THE ACT THAT BREAKS THE CONTRACT CAN BE CONSIDERED ALSO A TORT (Light
Rail Transit Authority v. Navidad, 397 SCRA 75)

LIABILITY OF EMPLOYER FOR ACT OR OMISSION OF HIS EMPLOYEE

A taxi driver drove recklessly and caused injuries to the passenger. The taxi is owned by
an operator, not by the taxi driver. The three (3) possible obligations are; (1) contract of
carriage, (2) delict or crime, (3) and quasi-delict. WHEN AND ON WHAT OBLIGATION IS
THE OPERATOR (EMPLOYER) LIABLE FOR THE ACTIONS OF THE TAXI DRIVER?

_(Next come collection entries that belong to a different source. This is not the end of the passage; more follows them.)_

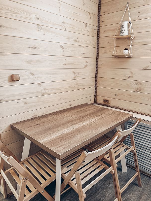 Обеденная зона: стол, диванчик, холодильник, шкаф с посудой, чайник.
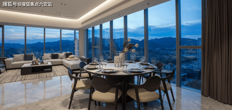 三面超白玻幕墙设计,270°环景视野,约17米巨幕面宽将四季山岚引入室内,70㎡无梁大板客厅与松涛声共鸣。- **复合功能**:首创“办公会客+宴会休憩”复合模式,东边套四房三卫双主卧,西边套四房四卫三朝南套房,空中酒廊与中西双厨满足商务与生活平衡。
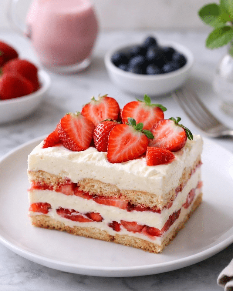 - Decorate with fresh strawberries and optional white chocolate shavings.

RECOVERY UNDER CONTRACT OF CARRIAGE


CIVIL LIABILITY PASSES ON THE EMPLOYER. Under the law on common carriage, the
common carrier is presumed to have been at fault or to have acted negligently in case
of death or injuries to passengers (Art. 1756, NCC). Such liability applies even if such
death or injury to passengers is through the negligence or willful acts of his employees,
acting beyond the scope of their authority or in violation of the orders of the common
carrier (Art. 1759, par 1., NCC). The driver is not a party to the contract of carriage and
may not be held liable under the contract. The proof of non-performance of the contract
existence of the same is sufficient prima facie to warrant recovery.

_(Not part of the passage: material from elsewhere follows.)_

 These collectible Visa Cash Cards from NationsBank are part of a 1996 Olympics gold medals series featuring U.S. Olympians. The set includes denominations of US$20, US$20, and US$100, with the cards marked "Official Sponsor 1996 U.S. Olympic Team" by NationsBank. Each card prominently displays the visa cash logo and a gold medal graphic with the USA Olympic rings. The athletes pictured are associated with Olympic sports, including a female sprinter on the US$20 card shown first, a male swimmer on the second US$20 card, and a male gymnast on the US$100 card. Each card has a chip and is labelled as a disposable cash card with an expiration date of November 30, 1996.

RECOVERY UNDER DELICT OR CRIME

LIABILITY PASSES ON THE EMPLOYEE DIRECTLY & PRIMARILY. THE EMPLOYER IS


SUBSIDIARY LIABLE. In proving the enforcement of subsidiary liability of the employer,
evidence must exist establishing that: (1) they are indeed the employers of the
convicted employees; (2) they are engaged in some type of industry; (3) the crime was
committed by the employees in the discharge of their duties; and (4) the execution
against the latter has not been satisfied due to insolvency (Joaquin v. Aniceto, 120
Phil 1110)

RECOVERY UNDER QUASI-DELICT

THE OFFENDED PARTY MAY CHOOSE TO RECOVER ONLY FROM THE EMPLOYEE FOR
NEGLIGENCE AS PER ART. 2176 OF NCC, OR DIRECTLY FROM EMPLOYER PURSUANT
TO THE LATTER’S VICARIOUS LIABILITY UNDER ART. 2180 OF NCC, OR FROM BOTH.